Therapies: With regard to current therapies, there is a potential need for identifying patients who will respond and/or show side-effects with particular available drugs. To the extent response/side-effect information is available for the cohort that is enrolled for WGS, we can readily perform analyses to look for genetic predictors (there are notable successes for identifying genetic predictors of drug response such as for example Warfarin). The broader opportunity however will be in identifying new drug targets through a better molecular understanding of the disease patho-physiology gained through the WGS. In this case the development of specific “molecular phenotypes” from longitudinal collection and analysis of bio-specimens will provide a framework for relating DNA changes to downstream molecular changes that drive disease phenotypes and allow hypotheses to be generated around pathways that are affected in disease and targets that might be candidates for drug development.

The Time For RNDP is Now

Powerful advances in compute technology, social media and molecular data collection have set the stage for the emergence of revolutionary approaches to science and medicine. Citizens and scientists can work together to form communities, around diseases and lifestyles and therapies: this would not have been possible even five years ago. Citizens can get their own data, quickly and cheaply, on the consumer market. Infrastructure like Synapse, a computational platform from Sage Bionetworks where donated data can be accessed and queried by researchers, means that donated data has a place to go where citizens know it will be used. And a growing media awareness of “That’s My Data,” a campaign urging citizens to ask for a copy of their own data whenever they provide a sample, means that the movement into which PLC fits will not stay long in the shadows.

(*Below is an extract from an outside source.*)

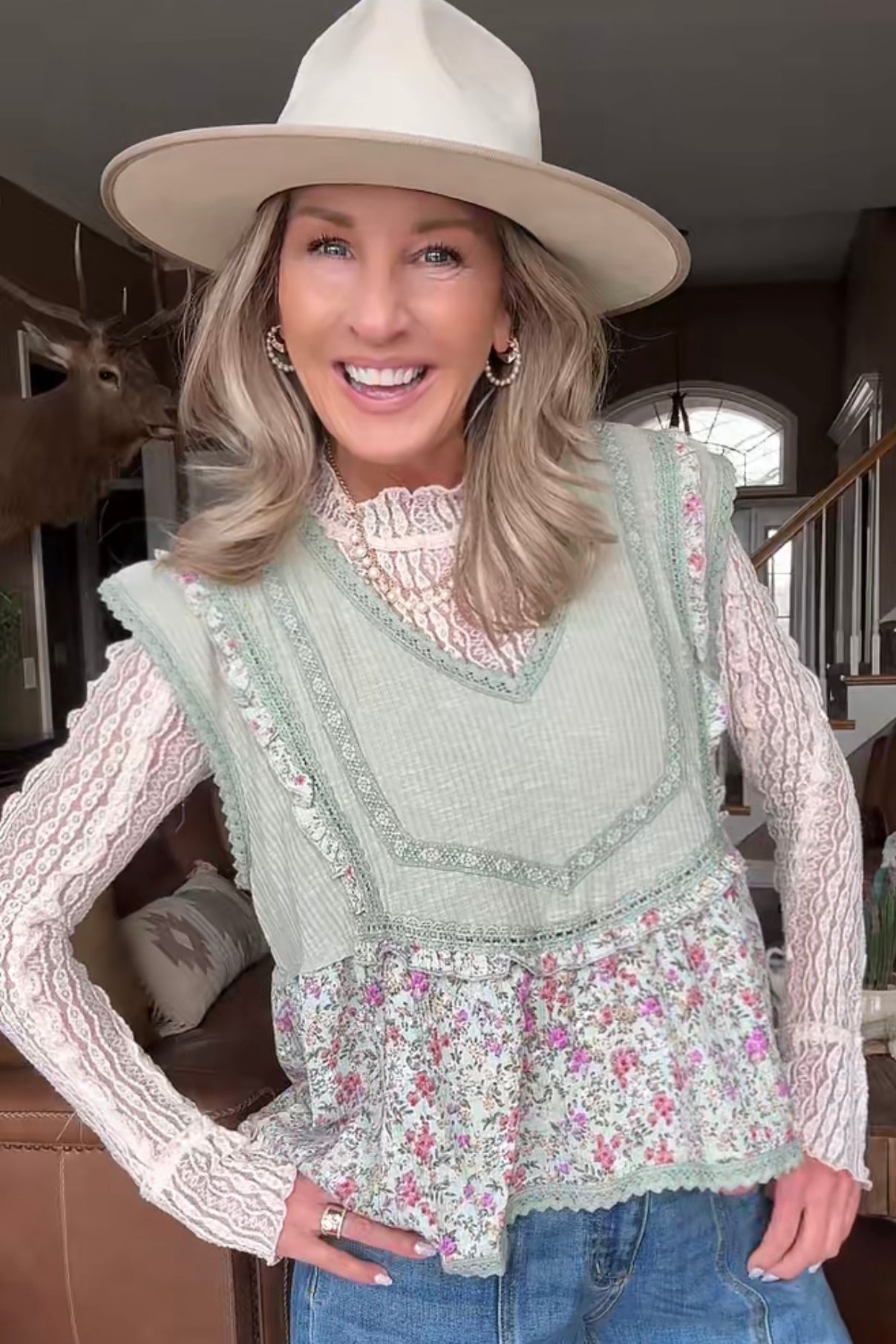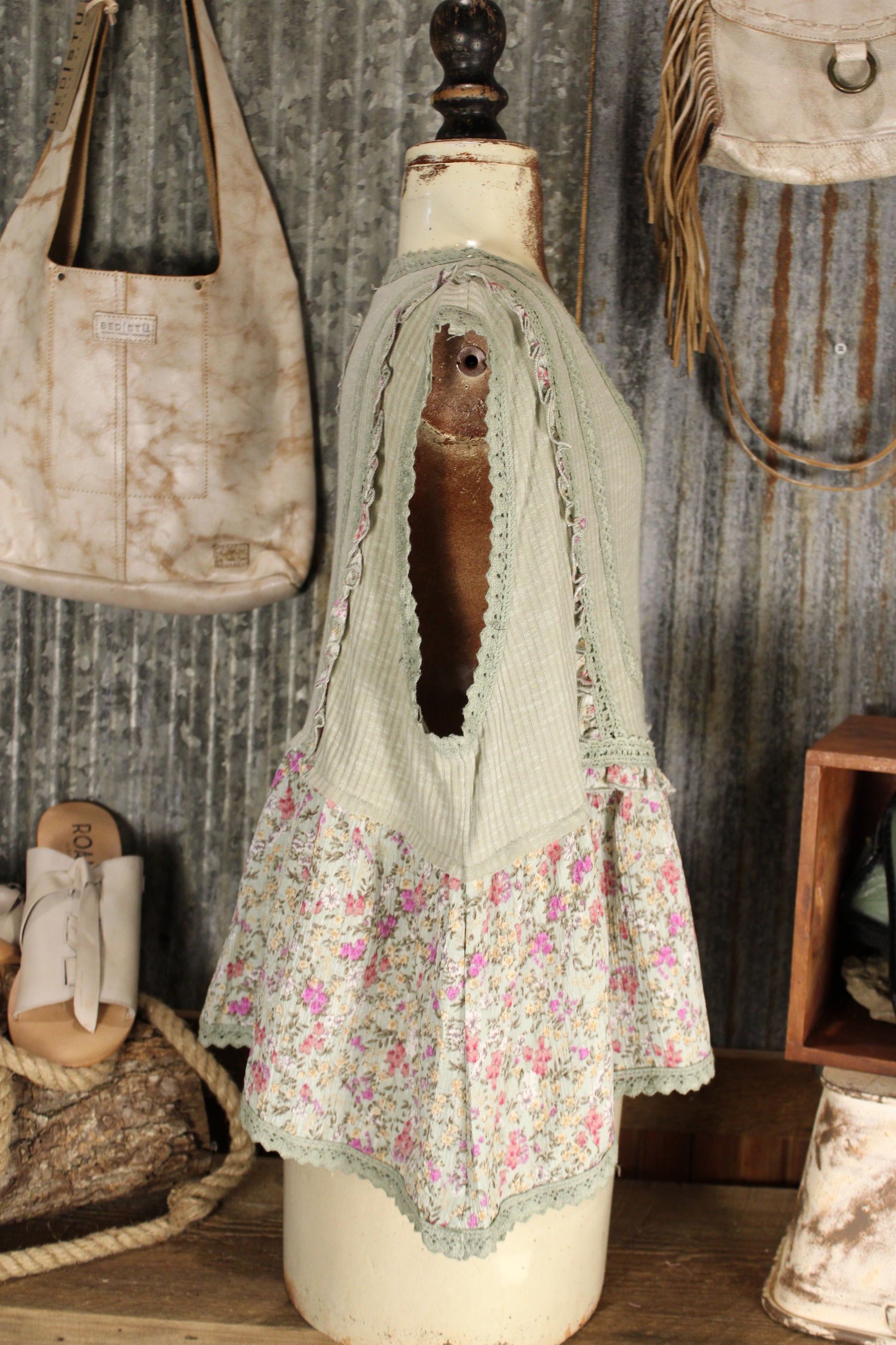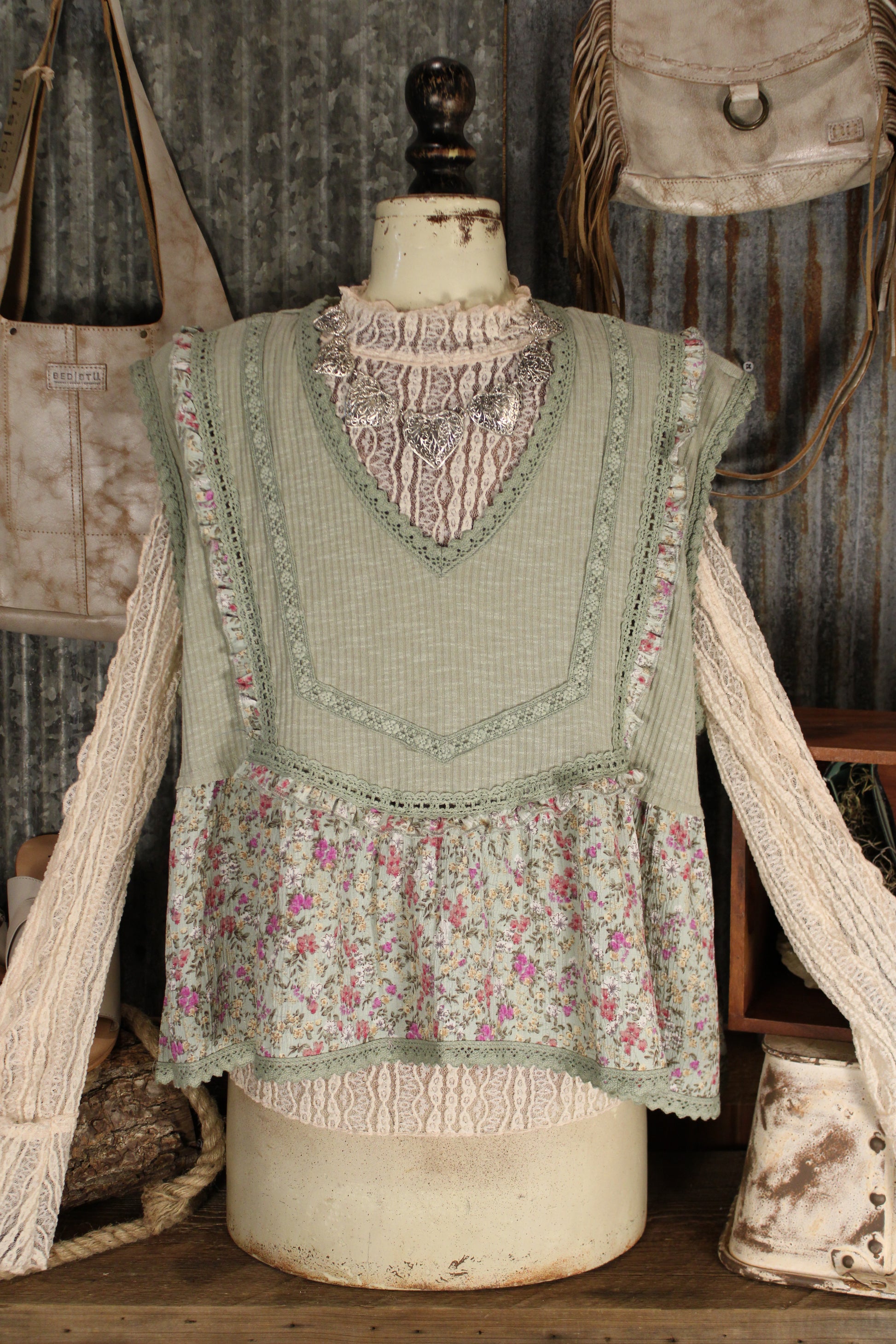 Introducing the whimsical Willow Garden Sage Tank- from POL Clothing! Embrace your bohemian spirit with this must-have top, featuring a flattering V-neck and sleeveless design. A soft mix of vintage florals and textured details gives this tank an easy, romantic feel. Designed with a flattering V neckline and delicate trim accents, it features a ribbed bodice paired with a flowy floral hem for a layered look without the bulk. The lightweight fabric drapes comfortably, making it perfect for warm days or for styling under cardigans and jackets. Feminine, airy, and full of cottage-inspired charm, this tank adds a sweet touch to any everyday outfit.

As has already occurred for physics, medical sciences are now poised to enter a new and important phase of maturity: one where massive molecular data collection is distinct and separate from data analysis. Our ultimate vision is that by applying a statistical vector field analysis to the data of many patients across many diseases, a new approach to medicine emerges: one where each of us has access to our own living “contour map” of health. We can update the “map” with new information from ongoing treatments, and we can compare our map to the aggregated maps of others like us and in a real sense, map out regions of the future that could emerge for us based upon the decisions we take today.